In open-loop control, there is no detection feedback device for CNC lathe processing. The signal processor of the numerical control device is one-way, so there is no system stability problem. It is precisely because of the one-way signal flow. It does not check the actual position of the moving parts of the CNC lathe, so the machining accuracy of the CNC lathe is not high, and its accuracy mainly depends on the performance of the servo system. The working process is: the input data is calculated by the numerical control device to distribute the command pulse, and the controlled worktable is moved by the servo mechanism (servo components are often stepping motors).
Since the open-loop control accuracy cannot meet the requirements of precision CNC lathes and large CNC lathes, it is necessary to detect its actual working position. Therefore, a detection feedback device is added to the open-loop control numerical control lathe. The position of the moving part of the numerical control lathe is detected during processing to match the position required by the numerical control device to achieve high machining accuracy.

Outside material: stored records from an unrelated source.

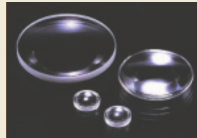
Fluorene conductors are used in lenses for mobile phones incorporating cameras.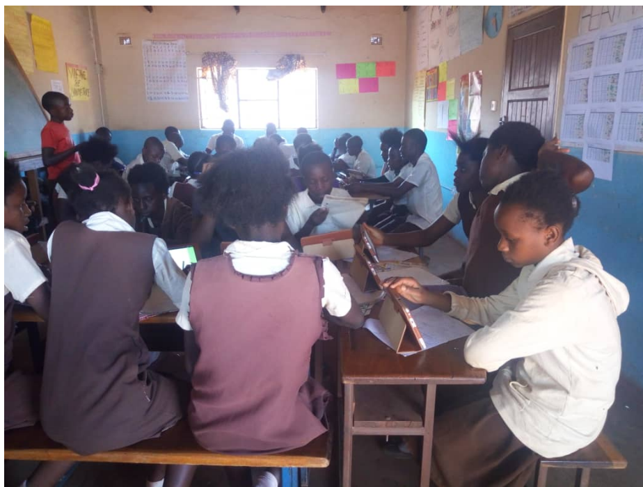
EDULUTION CLASS ROOM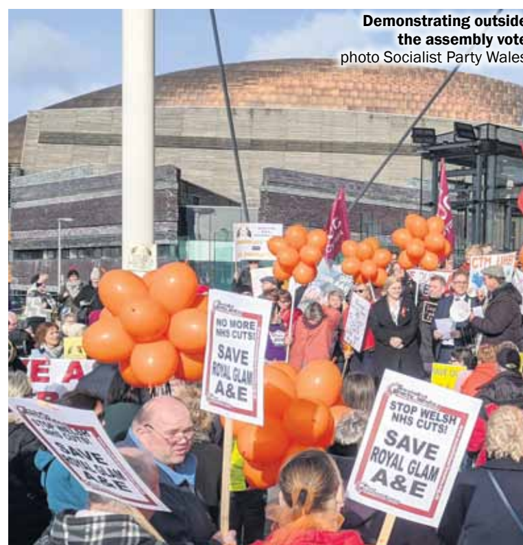
Demonstrating outside the assembly vote photo Socialist Party Wales

The Assembly motion is only advisory and has no binding effect on the health board. But it heaps even greater pressure on the health board executives, who have claimed that there is no option but to close the unit because the sole permanent consultant is retiring in March. A new ad for the post has suddenly appeared.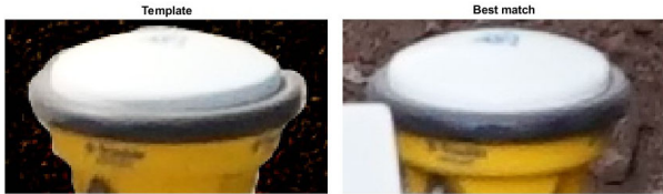
Figure 2. Template of the GNSS antenna (left) and best position found in the right image.

proved due to bad GNSS quality or if there are antenna positions missing due to GNSS outages and need to be derived from VO solely. It is important that there are GNSS positions available before and after an outage has occurred to ensure that the VO trajectory is correctly oriented and placed w.r.t. the defined coordinate system (UTM). One issue that had to be solved is to mask out all areas in the stereo images covered by the tractor or milling machine itself as this would deteriorate the VO process significantly and often caused complete fail of the VO solution.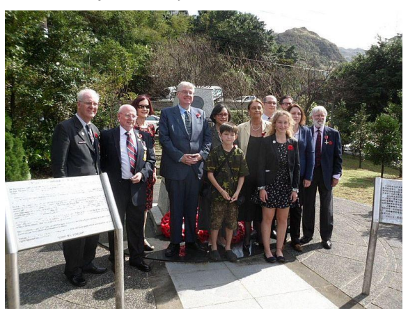
POW Family members with the Magee family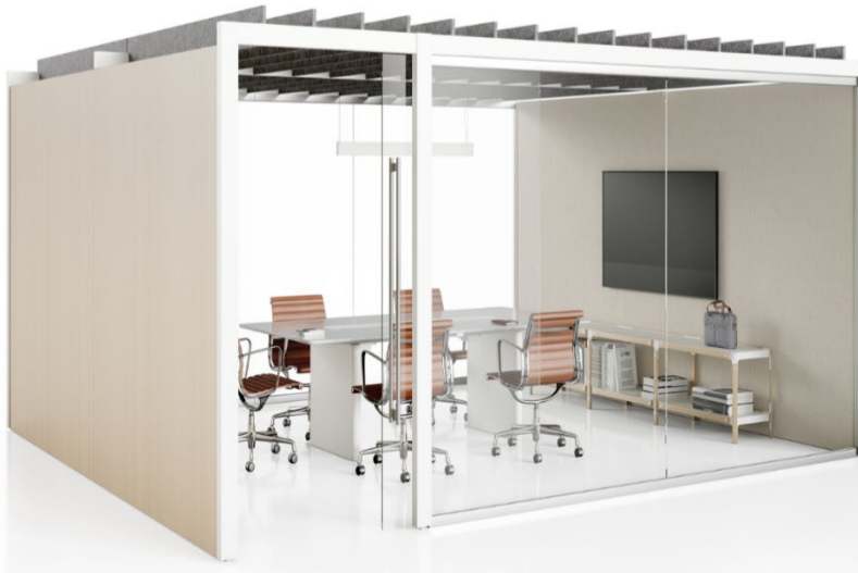
Herman Miller Overlay Walls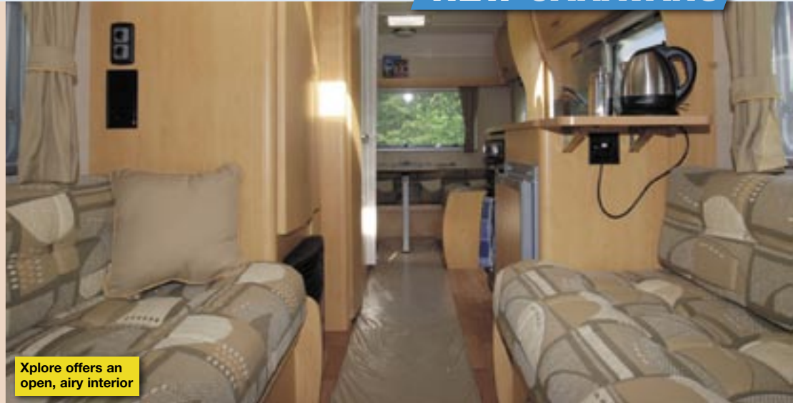
Xplore offers an open, airy interior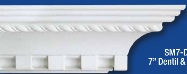
SM7-DL-RP 7" Dentil & Rope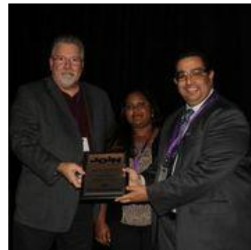
Employer of the Year – AGI Shorewood Group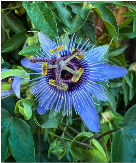
13-Passiflora 'Purple Haze'.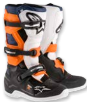
1427 BLACK ORANGE WHITE BLUE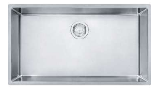
FRANKE - MODEL #CUX11030 / #CUX11027 / #CUX11021

- Franke Cux cube under mount sink stainless single bowl. The new Cube family of handcrafted undermount sinks combines Swiss engineering with sleek, minimalist design. Available in single- and double-bowl styles, the sinks feature a smooth bowl design with a clean look, an easy-to-clean satin finish and sound dampening pads.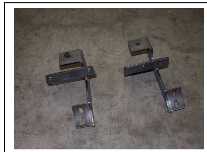
Fig 2 Driver side brackets

For Technical Support/Warranty Information please call 310-762-9944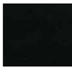
Black Powder Coat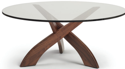
Entwine Round Coffee Table 5-ENT-42-00-04 42"w x 42"l x 18"h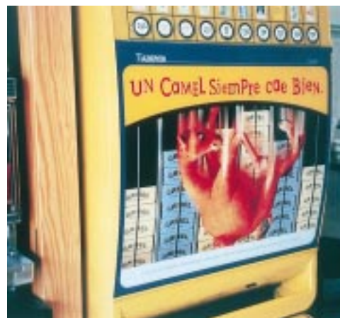
Figure 3 "Free fall" camel.

The campaign also was among the most notorious. Beginning in December 1991, a number of researchers called attention to the way the Joe Camel character was attractive to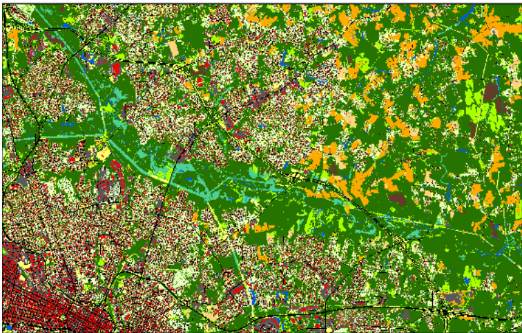
High-resolution LULC 56 classes

Mapped from aerial imagery, Light Detecting and Ranging (LiDAR), and ancillary data sources.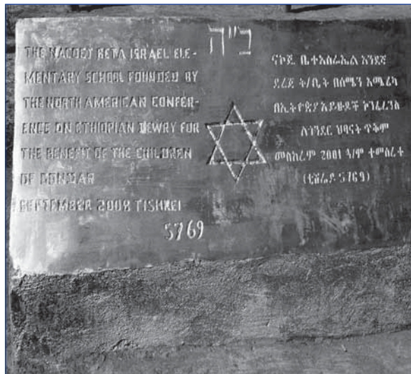
We hope that one day all our Beta Israel children will be in Israel, and our school will be a treasure for the neighborhood children. But we don’t want to be forgotten. So we have set a simple stone slab in front of the school. It shows a Star of David and the Hebrew letters that mean Baruch Hashem. Below, in English and Amharic, it identifies the school: “The NACOEJ Beta Israel Elementary School founded by the North American Conference on Ethiopian Jewry for the benefit of the children of Gondar. September 2008/Tishrei 5769.” We hope it will always remind people of the Jews of Ethiopia and America who came here together, to teach and learn in Gondar.

And we must be doing a pretty good job, because on October 2, 2010, our NACOEJ Beta Israel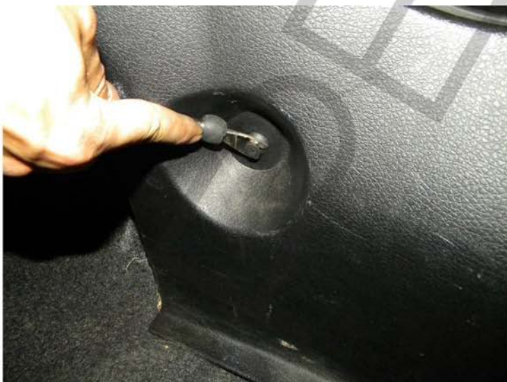
3. Remove the (6) plastic clips

The characteristics of open-loop control CNC lathe processing and closed-loop control CNC lathe processing can be selectively concentrated to form a mixed control scheme. Large-scale CNC lathe processing requires very high feed speed and return speed, as well as high precision. If only full closed-loop control is used, the transmission chain and worktable of the CNC lathe are all placed in the control link. The factors are very complicated. Although the installation and commissioning have been complicated, there are still many difficulties. To avoid these contradictions, a hybrid control method can be used.
(1) Hard-line CNC lathe processing (called ordinary CNC, namely NC). The input, interpolation, control, and other functions of this numerical control system are all realized by integrated circuits or discrete components. Generally speaking, different CNC lathes have different control circuits, so the system's versatility is poor. Because it is all composed of hardware, the functions and flexibility are also poor. This type of system was widely used before the 1970s.
(2) Flexible wire numerical control lathe processing (also known as computer numerical control or microcomputer numerical control, CNC or MNC).
This type of system uses medium, large-scale, and very large-scale integrated circuits to form a CNC device, or a microcomputer and a dedicated integrated chip. Its main CNC functions are almost all realized by software. For different CNC lathes, only different software needs to be compiled. It can be realized, and the hardware can be almost universal. Therefore, the flexibility and adaptability are strong, and it is also convenient for mass production. Modularized software and hardware improve the quality and reliability of the system. Therefore, modern CNC lathes all use CNC devices.
The four common classifications of CNC lathe processing must be understood when performing CNC lathe processing. Only by understanding the classification of these CNC lathe processing can we better choose the appropriate CNC lathe for processing according to the shape requirements of the processed parts.